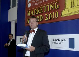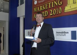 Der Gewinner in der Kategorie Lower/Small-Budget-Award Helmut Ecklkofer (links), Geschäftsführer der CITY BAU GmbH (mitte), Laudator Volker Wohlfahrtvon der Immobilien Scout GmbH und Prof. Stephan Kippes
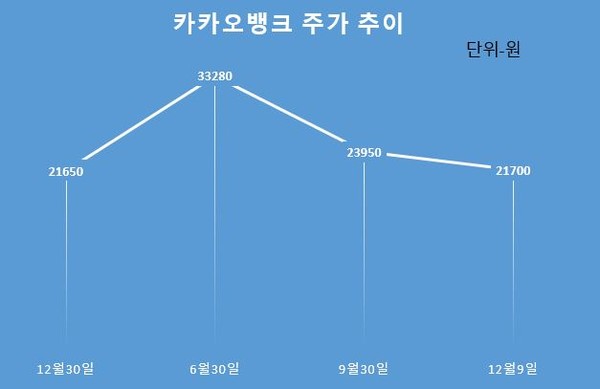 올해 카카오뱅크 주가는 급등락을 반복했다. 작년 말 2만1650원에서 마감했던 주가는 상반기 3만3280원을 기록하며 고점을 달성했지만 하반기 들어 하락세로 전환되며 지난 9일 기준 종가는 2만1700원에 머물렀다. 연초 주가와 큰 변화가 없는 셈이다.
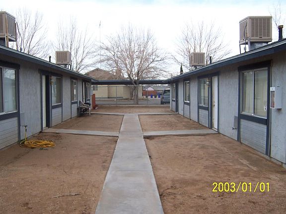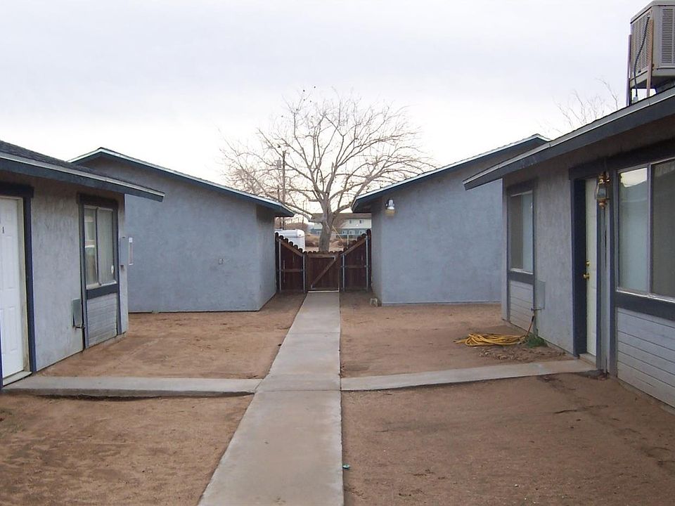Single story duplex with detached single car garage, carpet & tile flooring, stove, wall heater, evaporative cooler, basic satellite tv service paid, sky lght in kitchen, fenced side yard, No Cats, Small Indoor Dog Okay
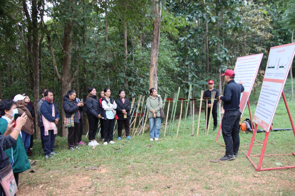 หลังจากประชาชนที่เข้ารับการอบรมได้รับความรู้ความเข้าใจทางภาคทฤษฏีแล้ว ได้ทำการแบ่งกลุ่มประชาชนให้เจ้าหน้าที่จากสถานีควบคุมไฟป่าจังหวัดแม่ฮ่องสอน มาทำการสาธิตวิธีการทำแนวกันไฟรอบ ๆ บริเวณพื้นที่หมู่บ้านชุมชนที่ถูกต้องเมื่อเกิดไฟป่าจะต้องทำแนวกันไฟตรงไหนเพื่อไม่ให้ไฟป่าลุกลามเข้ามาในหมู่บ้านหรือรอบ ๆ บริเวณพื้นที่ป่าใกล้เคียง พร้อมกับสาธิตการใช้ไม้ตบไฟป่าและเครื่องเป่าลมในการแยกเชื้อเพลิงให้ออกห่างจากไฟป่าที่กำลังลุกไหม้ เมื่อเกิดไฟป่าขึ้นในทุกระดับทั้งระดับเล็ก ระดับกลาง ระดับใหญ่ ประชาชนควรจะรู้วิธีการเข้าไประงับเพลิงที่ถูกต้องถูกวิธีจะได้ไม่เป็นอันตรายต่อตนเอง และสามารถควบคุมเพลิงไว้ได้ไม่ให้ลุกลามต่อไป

Work to complete: A word-for-word retyping of the material above is expected, without pictures.

Output of the task:
 Der Gewinner in der Kategorie Lower/Small-Budget-Award Helmut Ecklkofer (links), Geschäftsführer der CITY BAU GmbH (mitte), Laudator Volker Wohlfahrtvon der Immobilien Scout GmbH und Prof. Stephan Kippes
 올해 카카오뱅크 주가는 급등락을 반복했다. 작년 말 2만1650원에서 마감했던 주가는 상반기 3만3280원을 기록하며 고점을 달성했지만 하반기 들어 하락세로 전환되며 지난 9일 기준 종가는 2만1700원에 머물렀다. 연초 주가와 큰 변화가 없는 셈이다.
Single story duplex with detached single car garage, carpet & tile flooring, stove, wall heater, evaporative cooler, basic satellite tv service paid, sky lght in kitchen, fenced side yard, No Cats, Small Indoor Dog Okay
 หลังจากประชาชนที่เข้ารับการอบรมได้รับความรู้ความเข้าใจทางภาคทฤษฏีแล้ว ได้ทำการแบ่งกลุ่มประชาชนให้เจ้าหน้าที่จากสถานีควบคุมไฟป่าจังหวัดแม่ฮ่องสอน มาทำการสาธิตวิธีการทำแนวกันไฟรอบ ๆ บริเวณพื้นที่หมู่บ้านชุมชนที่ถูกต้องเมื่อเกิดไฟป่าจะต้องทำแนวกันไฟตรงไหนเพื่อไม่ให้ไฟป่าลุกลามเข้ามาในหมู่บ้านหรือรอบ ๆ บริเวณพื้นที่ป่าใกล้เคียง พร้อมกับสาธิตการใช้ไม้ตบไฟป่าและเครื่องเป่าลมในการแยกเชื้อเพลิงให้ออกห่างจากไฟป่าที่กำลังลุกไหม้ เมื่อเกิดไฟป่าขึ้นในทุกระดับทั้งระดับเล็ก ระดับกลาง ระดับใหญ่ ประชาชนควรจะรู้วิธีการเข้าไประงับเพลิงที่ถูกต้องถูกวิธีจะได้ไม่เป็นอันตรายต่อตนเอง และสามารถควบคุมเพลิงไว้ได้ไม่ให้ลุกลามต่อไป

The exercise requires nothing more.